I can’t add much more to this devastating article on the horrors of the Great Leap forward. I’ve never read anything about it that was quite this brutal, and suggest you read the whole thing.

For those who argue it was a natural famine the government couldn’t control, it will be particularly enlightening.

In the summer of 1962, for instance, the head of the Public Security Bureau in Sichuan sent a long handwritten list of casualties to the local boss, Li Jingquan, informing him that 10.6 million people had died in his province from 1958 to 1961. In many other cases, local party committees investigated the scale of death in the immediate aftermath of the famine, leaving detailed computations of the scale of the horror.

In all, the records I studied suggest that the Great Leap Forward was responsible for at least 45 million deaths.

Between 2 and 3 million of these victims were tortured to death or summarily executed, often for the slightest infraction. People accused of not working hard enough were hung and beaten; sometimes they were bound and thrown into ponds. Punishments for the least violations included mutilation and forcing people to eat excrement.

One report dated Nov. 30, 1960, and circulated to the top leadership — most likely including Mao — tells how a man named Wang Ziyou had one of his ears chopped off, his legs tied up with iron wire and a 10-kilo stone dropped on his back before he was branded with a sizzling tool. His crime: digging up a potato.

When a boy stole a handful of grain in a Hunan village, the local boss, Xiong Dechang, forced his father to bury his son alive on the spot.

And it gets worse. Really. And please don’t say Mao didn’t know.

Mao was sent many reports about what was happening in the countryside, some of them scribbled in longhand. He knew about the horror, but pushed for even greater extractions of food.

At a secret meeting in Shanghai on March 25, 1959, he ordered the party to procure up to one-third of all the available grain — much more than ever before. The minutes of the meeting reveal a chairman insensitive to human loss: “When there is not enough to eat people starve to death.
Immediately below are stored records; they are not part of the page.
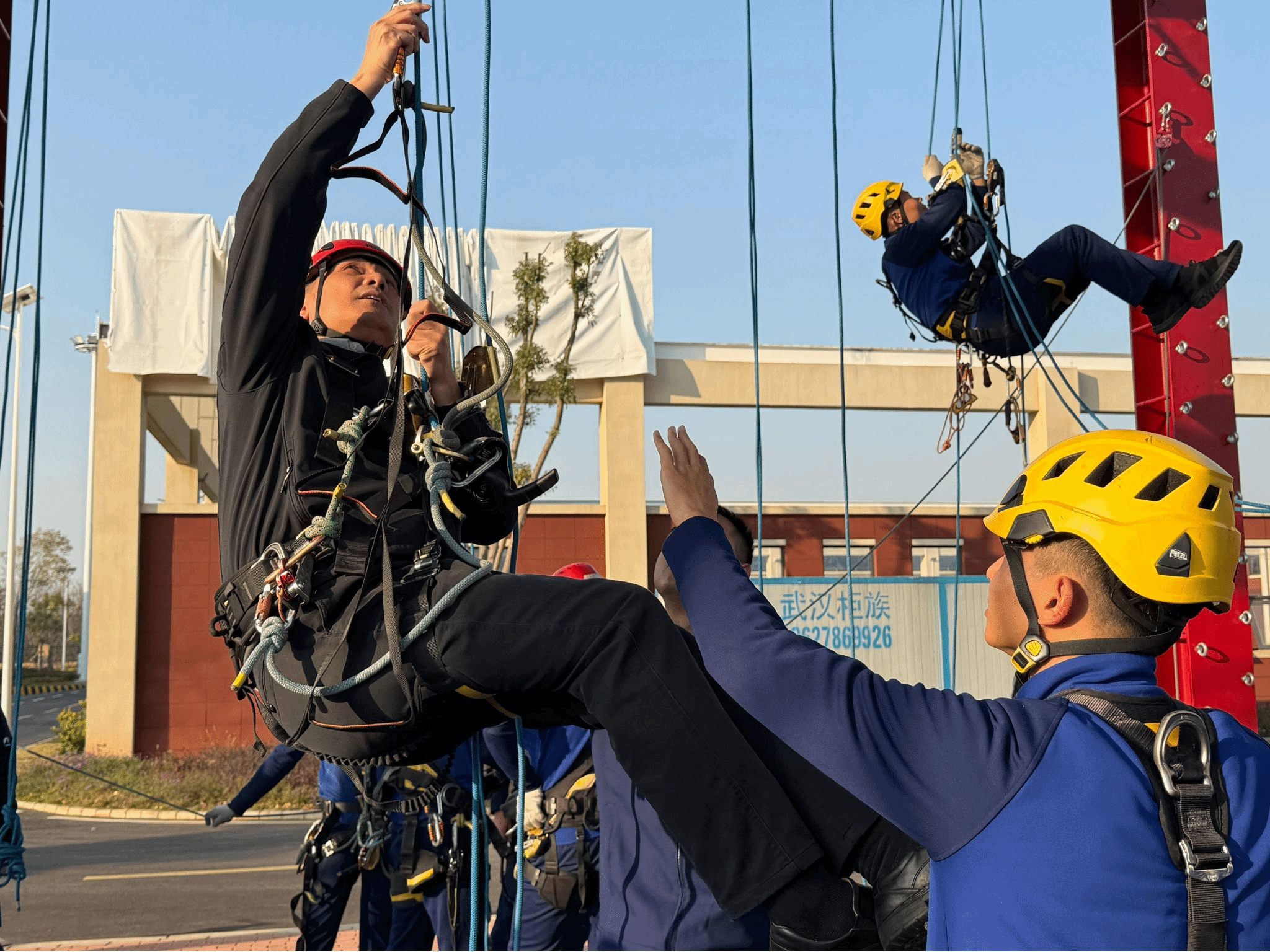 绳索救援实操是此次活动的重点环节。在专业教官指导下,师生们系统学习个人防护装备穿戴、锚点制作及倍力系统搭建等技能。在“沉浸式”体验后,食品科学技术学院研究生第七党支部党员王佳文同志深有感触:“在救援人员的专业指导下,我们完整体验了从装备检查、风险评估到团队协作转移伤员的全流程。每一个步骤的严谨规范、每一次精准的配合,都让我深刻体会到‘时间就是生命’的含义。”她表示,未来将把救援人员精益求精、刻苦训练的精神融入科研工作中,以严谨的态度攻克学术难题。
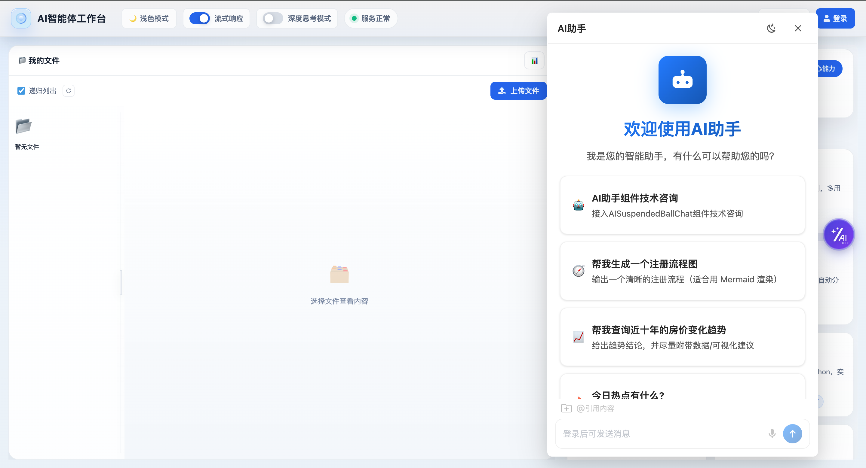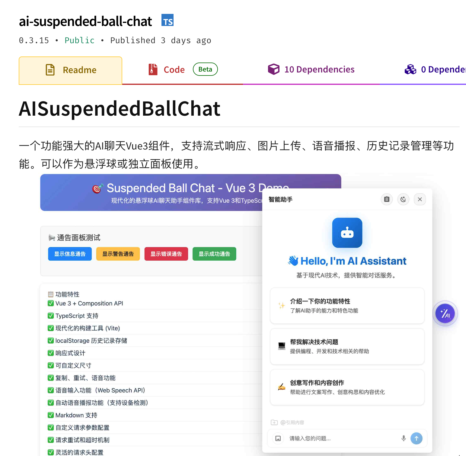 AI Suspended Ball Chat 是一个 Vue3 的 AI 聊天组件,既可以作为悬浮球客服入口 ,也可以作为独立聊天面板使用。
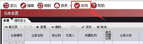 2、确认好仓库信息没有问题,需要点启用,这样新增的仓库才能能生效使用。
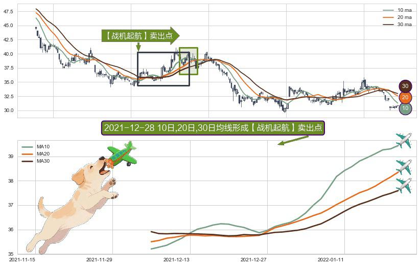 ⚀ 2021-12-06日-2022-01-20日显现 10日-20日-30日均线 【战机起航】卖出点 看空信号,后市看跌,卖出
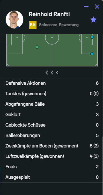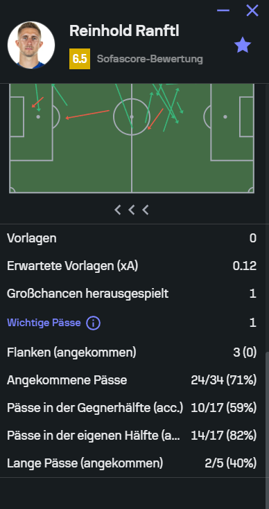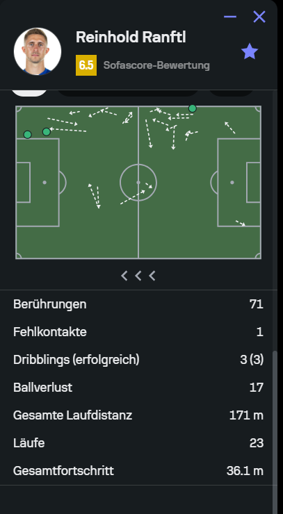 3. Tja, leider wieder kein Vergleich möglich, kein Einsatz für Pazourek und die Leistung von Ranftl ausbaubar mit 6,5. Wie gewohnt schlechte Pass Statistiken, der Wert erwartetet Vorlagen erschließt sich mir nicht, der ist eigentlich fast jedes Spiel das ich jetzt vergleiche unterirdisch, diesmal wäre aber eine Großchance dabei. Flanken keine angekommen. Wie immer reißt ihn seine Dribbling Statistik raus. Dafür diesmal 3 von 4 Luftzweikämpfe gewonnen - dies ist eher ungewöhnlich bei ihm, seit ich schaue.
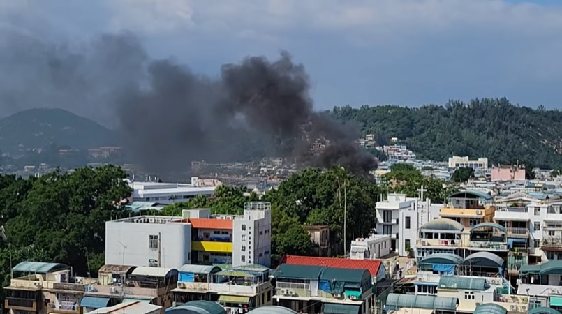 Black plumes of smoke lofted into the sky above Cheung Chau at around 1.57 pm on Thursday after a house had caught on fire.
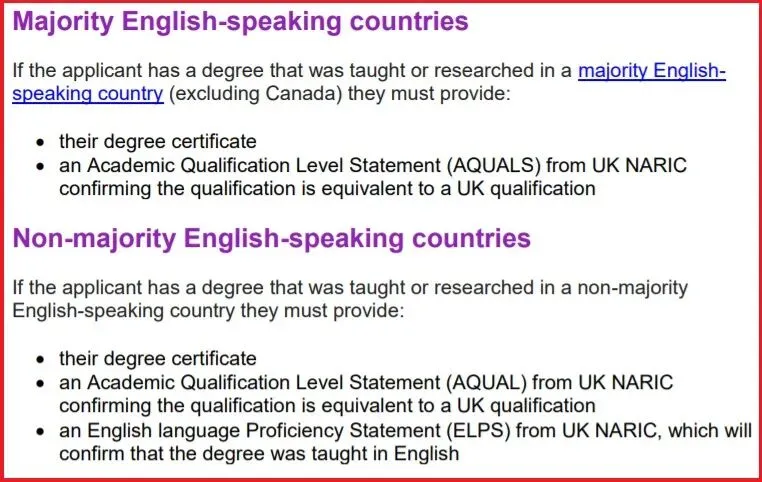 如果说当事人的学位课程是英语授课,例如说持有的是来自加拿大的学位,并且该学位主要授课语言是英语(而非法语)。
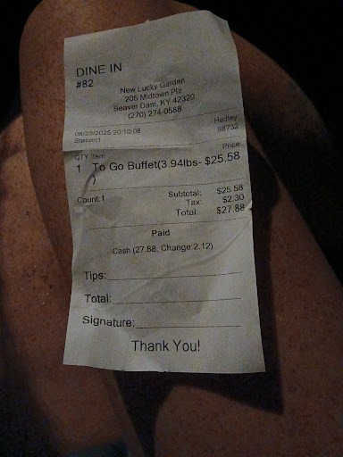 Read more7 years ago I gave a 5 star review changing it to 1 star. When I told her I disagreed with the weight and asked her to reweigh she laughed 27.88 for a Togo plate!!! Seriously I should of said keep it but im not like that. Two people with me paid separate got two full Togo plates for 19$ she over charged me she was rude ill never go there again wish someone else would open another place I'll gladly take the money I save go to owensboro where the food isn't a day old anyway!! I'll...
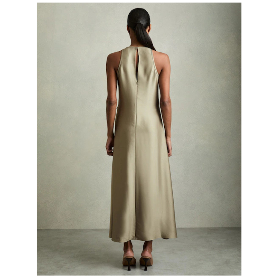 A sophisticated satin formal dress by Reiss in a rich khaki tone, featuring elegant draping and a flattering tuck detail. Perfect for cocktail events, formal dinners, or chic evening occasions.
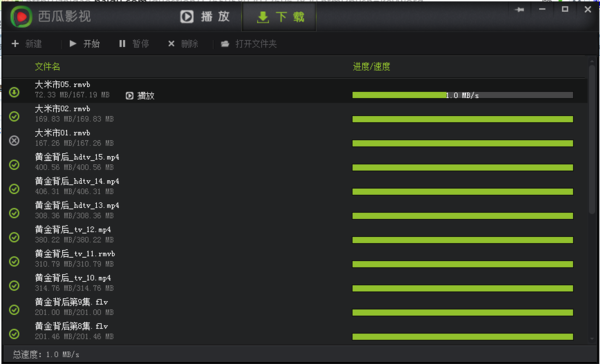 3、全部下载、暂停、删除、等待下载,速度多少、进度多少等等可看第三张图片。

It is better to let half of the people die so that the other half can eat their fill.”

I applaud China’s post-Mao leaders for ending most aspects of Maoism and seeing that starvation in China came to an end. Thank God Deng won the day. But isn’t it time to let the Chinese people know the truth? As the column says, the government has unclassified huge vaults of documents on the period and many Chinese scholars and researchers know the truth. But alas, their books and reports can only be published in Hong Kong.